WORK IN PROGRESS
What monitors Skyline and how do you monitor Skyline? What are the key things that need to be monitored? What are the expected values? All good questions.
Thunder is a Skyline app that monitors all the Skyline apps and Redis (mariadb, memcached and Graphite to be added in the near future) and notifies on significant changes to any of these components. Thunder also monitors operational changes in terms of volumes of metrics received, app run times, etc and also notifies on these aspects.
Although Skyline will monitors all of these things via the normal analysis of its own metrics, Thunder ensures that the key the operational aspects of all the parts of the Skyline stack are performing as expected without the user needing to configure alerts for lots metrics which they do not know.

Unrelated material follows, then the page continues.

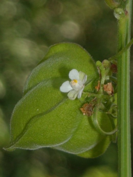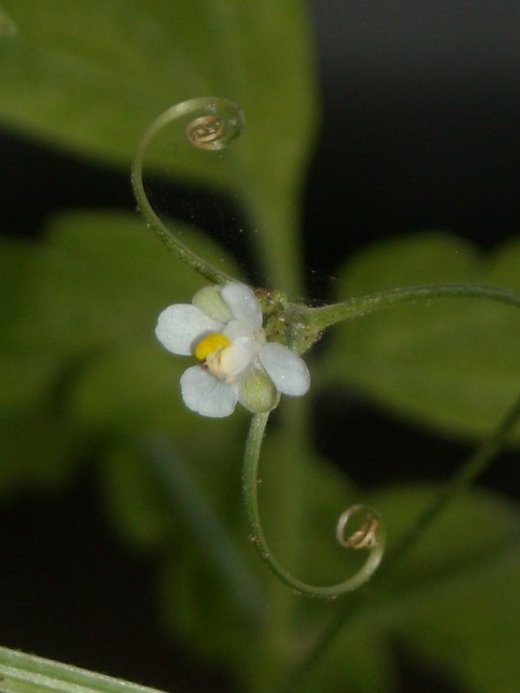網上的倒地鈴資訊:無患子科(Sapindaceae)倒地鈴屬(Cardiospermum),別名:風船葛、假苦瓜、燈籠朴、白花炮仔草、泡泡草、鬼燈籠…等。葉有柄,互生,二回三出羽狀複葉,小葉具有尖銳鋸齒。夏季開花,花腋生,聚繖花序,花梗甚長,近花的地方有2枚對生之卷鬚;花萼四片,花瓣四片大小不同,白色;雄蕊8枚,花柱甚短,3裂,子房3室。果實: 朔果為倒卵形,具三稜角,整個澎脹如氣囊。種子呈圓珠狀,未成熟的種子為綠色中央有白色心形斑,成熟後種子為黑色,仍具白色心形斑。通常無患子科植物都是高大的喬木,像龍眼、台灣欒樹、無患子等等,倒地鈴卻是無患子科中極少數的蔓性草本。

Thunder can alert via SMTP, Slack and/or PagerDuty and as with all Skyline
things each check can be enabled/disabled and configured in
settings.THUNDER_CHECKS, the defaults
should be sufficient to start with. But because every deployed Skyline instance
will have different numbers of metrics being analysed, etc, many Thunder checks
use proportional values to determine if changes are significant, all these
values can be adjusted in
Thunder monitors that all enabled apps for DOWN and UP (recovered), each app creates a Redis key for itself periodically to let all the other apps know that it is UP.
Thunder monitors various aspects of each app and each of those are covered in their own pages, but basically Thunder monitors:
- Apps and Redis are UP
- Significant changes in metric volumes
- Significant changes to run times and overruns